**EXERCISE OBJECTIVE**
Below are entries; output exactly the lines from the one with "Сергей АХАПОВ , министр" to the one with "Los Santos, su pueblo de adopción.", both included, and nothing else.

MATERIAL PROVIDED START

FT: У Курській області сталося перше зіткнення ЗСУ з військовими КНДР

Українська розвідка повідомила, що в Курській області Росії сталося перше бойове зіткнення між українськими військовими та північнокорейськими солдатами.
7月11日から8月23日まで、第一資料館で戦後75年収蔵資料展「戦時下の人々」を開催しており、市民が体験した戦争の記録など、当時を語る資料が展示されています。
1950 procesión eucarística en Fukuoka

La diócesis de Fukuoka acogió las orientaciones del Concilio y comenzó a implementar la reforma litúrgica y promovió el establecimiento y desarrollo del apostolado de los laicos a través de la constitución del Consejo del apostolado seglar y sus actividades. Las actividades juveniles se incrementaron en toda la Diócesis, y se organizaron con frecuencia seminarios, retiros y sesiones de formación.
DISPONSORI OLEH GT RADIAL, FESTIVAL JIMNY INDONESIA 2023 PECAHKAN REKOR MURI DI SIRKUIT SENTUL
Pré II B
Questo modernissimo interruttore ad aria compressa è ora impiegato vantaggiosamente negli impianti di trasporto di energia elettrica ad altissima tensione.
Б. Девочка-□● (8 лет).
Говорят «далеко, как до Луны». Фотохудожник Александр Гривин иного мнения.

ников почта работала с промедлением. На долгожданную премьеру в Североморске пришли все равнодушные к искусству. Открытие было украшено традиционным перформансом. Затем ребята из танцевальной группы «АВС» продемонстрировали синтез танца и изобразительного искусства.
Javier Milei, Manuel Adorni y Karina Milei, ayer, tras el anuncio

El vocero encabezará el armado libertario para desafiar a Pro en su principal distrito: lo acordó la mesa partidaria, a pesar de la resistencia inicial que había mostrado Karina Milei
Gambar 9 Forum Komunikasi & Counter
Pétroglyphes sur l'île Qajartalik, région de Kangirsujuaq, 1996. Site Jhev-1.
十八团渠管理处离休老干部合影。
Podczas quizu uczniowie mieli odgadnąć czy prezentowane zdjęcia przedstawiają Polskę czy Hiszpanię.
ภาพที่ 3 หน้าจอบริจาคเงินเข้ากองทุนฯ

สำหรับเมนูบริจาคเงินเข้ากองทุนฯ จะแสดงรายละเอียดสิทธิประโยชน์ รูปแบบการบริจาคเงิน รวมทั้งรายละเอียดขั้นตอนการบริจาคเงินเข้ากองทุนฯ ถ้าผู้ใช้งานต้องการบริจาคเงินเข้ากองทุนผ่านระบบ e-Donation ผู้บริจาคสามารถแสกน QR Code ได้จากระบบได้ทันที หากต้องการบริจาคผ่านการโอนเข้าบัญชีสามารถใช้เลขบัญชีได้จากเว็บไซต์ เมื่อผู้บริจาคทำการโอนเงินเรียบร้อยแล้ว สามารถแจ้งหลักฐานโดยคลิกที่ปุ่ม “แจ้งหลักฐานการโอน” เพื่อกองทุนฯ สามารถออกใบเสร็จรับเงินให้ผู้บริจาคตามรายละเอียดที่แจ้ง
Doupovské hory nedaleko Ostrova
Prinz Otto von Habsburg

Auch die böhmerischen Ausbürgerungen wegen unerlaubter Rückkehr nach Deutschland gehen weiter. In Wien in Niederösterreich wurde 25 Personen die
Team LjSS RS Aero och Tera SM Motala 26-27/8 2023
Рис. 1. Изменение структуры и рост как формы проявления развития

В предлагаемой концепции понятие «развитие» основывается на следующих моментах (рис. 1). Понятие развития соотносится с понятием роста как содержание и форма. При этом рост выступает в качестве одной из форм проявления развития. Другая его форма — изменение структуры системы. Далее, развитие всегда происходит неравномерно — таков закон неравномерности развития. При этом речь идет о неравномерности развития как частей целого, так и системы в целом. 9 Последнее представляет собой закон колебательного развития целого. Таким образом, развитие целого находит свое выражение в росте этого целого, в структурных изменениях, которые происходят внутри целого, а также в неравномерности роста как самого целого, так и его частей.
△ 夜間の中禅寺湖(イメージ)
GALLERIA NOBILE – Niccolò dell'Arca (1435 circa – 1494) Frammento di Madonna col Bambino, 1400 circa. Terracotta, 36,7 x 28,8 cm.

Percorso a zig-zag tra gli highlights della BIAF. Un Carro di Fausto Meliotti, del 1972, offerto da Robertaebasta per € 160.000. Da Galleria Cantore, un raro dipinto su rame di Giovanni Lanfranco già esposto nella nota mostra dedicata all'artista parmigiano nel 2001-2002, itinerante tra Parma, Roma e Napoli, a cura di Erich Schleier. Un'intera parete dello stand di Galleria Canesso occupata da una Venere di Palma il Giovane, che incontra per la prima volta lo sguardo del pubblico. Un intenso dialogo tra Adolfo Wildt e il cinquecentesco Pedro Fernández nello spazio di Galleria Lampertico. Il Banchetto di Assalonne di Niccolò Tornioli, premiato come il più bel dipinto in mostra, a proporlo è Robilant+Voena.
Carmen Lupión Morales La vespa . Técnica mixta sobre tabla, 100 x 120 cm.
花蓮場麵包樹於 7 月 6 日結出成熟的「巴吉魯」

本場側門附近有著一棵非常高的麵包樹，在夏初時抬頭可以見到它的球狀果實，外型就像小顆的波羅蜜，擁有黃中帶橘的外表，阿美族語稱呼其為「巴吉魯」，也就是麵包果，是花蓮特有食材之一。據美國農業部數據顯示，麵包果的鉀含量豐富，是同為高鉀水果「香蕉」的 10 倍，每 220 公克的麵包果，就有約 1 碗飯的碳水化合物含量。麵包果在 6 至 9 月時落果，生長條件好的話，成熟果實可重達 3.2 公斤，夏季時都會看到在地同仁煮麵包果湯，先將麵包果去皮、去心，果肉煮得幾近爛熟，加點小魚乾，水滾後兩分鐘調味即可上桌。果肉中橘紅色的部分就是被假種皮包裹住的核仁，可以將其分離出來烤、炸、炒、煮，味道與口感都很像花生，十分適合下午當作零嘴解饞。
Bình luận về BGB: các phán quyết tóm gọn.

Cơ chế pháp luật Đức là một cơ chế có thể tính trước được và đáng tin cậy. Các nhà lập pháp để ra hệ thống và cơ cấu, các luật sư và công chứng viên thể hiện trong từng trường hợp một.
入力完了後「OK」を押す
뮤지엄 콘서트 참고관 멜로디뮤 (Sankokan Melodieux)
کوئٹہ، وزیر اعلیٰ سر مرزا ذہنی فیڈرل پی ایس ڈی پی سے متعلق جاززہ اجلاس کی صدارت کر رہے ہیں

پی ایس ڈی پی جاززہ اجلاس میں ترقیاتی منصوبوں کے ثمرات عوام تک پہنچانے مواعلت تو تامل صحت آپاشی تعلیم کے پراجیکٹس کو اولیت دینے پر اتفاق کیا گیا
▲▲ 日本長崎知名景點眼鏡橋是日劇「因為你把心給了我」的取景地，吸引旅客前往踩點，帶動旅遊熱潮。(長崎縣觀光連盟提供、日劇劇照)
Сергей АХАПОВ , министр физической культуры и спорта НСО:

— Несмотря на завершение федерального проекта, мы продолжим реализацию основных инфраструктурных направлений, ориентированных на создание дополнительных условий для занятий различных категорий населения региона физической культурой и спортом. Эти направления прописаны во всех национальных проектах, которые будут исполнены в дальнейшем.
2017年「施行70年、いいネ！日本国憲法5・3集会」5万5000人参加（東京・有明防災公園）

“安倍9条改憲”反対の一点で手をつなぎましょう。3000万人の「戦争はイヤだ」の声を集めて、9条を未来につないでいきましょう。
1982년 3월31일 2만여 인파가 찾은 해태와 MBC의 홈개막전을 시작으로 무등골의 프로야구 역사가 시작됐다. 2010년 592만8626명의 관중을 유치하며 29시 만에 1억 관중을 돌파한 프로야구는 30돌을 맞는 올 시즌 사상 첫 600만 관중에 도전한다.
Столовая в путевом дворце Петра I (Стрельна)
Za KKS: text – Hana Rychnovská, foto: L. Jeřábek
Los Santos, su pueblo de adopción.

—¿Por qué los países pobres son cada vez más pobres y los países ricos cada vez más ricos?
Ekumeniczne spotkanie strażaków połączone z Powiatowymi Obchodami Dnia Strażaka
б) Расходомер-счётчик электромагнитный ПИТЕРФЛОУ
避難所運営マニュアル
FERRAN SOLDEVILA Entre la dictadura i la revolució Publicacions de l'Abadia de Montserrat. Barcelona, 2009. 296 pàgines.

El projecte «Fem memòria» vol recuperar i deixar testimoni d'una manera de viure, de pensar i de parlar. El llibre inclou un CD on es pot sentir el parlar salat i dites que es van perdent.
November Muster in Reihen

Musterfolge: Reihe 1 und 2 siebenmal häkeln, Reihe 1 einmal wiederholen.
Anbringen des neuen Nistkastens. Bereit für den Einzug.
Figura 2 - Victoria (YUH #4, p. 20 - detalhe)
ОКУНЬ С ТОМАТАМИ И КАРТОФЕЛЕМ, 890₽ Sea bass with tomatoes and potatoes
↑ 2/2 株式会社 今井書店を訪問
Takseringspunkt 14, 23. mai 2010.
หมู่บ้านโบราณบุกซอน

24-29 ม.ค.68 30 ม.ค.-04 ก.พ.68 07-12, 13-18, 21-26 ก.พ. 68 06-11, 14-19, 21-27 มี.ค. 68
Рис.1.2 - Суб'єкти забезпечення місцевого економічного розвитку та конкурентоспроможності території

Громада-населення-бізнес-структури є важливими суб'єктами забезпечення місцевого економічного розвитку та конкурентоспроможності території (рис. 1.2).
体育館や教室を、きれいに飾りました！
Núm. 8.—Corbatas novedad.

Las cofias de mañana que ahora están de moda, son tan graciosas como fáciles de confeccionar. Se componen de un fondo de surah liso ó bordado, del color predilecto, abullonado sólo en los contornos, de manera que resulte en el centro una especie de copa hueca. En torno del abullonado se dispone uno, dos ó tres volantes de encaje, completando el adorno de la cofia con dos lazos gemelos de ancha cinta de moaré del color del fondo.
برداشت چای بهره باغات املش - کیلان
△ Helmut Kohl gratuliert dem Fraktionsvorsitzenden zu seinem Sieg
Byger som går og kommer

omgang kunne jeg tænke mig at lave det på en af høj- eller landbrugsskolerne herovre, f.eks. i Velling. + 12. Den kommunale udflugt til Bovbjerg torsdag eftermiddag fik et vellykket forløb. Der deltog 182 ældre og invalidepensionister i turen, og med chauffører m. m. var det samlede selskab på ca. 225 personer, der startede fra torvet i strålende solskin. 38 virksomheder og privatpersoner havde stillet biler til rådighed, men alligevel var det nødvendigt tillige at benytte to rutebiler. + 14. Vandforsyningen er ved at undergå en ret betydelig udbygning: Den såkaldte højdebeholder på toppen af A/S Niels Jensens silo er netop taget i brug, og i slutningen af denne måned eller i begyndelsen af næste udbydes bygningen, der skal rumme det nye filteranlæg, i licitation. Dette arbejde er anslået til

MATERIAL PROVIDED END

**RESULT**
Сергей АХАПОВ , министр физической культуры и спорта НСО:

— Несмотря на завершение федерального проекта, мы продолжим реализацию основных инфраструктурных направлений, ориентированных на создание дополнительных условий для занятий различных категорий населения региона физической культурой и спортом. Эти направления прописаны во всех национальных проектах, которые будут исполнены в дальнейшем.
2017年「施行70年、いいネ！日本国憲法5・3集会」5万5000人参加（東京・有明防災公園）

“安倍9条改憲”反対の一点で手をつなぎましょう。3000万人の「戦争はイヤだ」の声を集めて、9条を未来につないでいきましょう。
1982년 3월31일 2만여 인파가 찾은 해태와 MBC의 홈개막전을 시작으로 무등골의 프로야구 역사가 시작됐다. 2010년 592만8626명의 관중을 유치하며 29시 만에 1억 관중을 돌파한 프로야구는 30돌을 맞는 올 시즌 사상 첫 600만 관중에 도전한다.
Столовая в путевом дворце Петра I (Стрельна)
Za KKS: text – Hana Rychnovská, foto: L. Jeřábek
Los Santos, su pueblo de adopción.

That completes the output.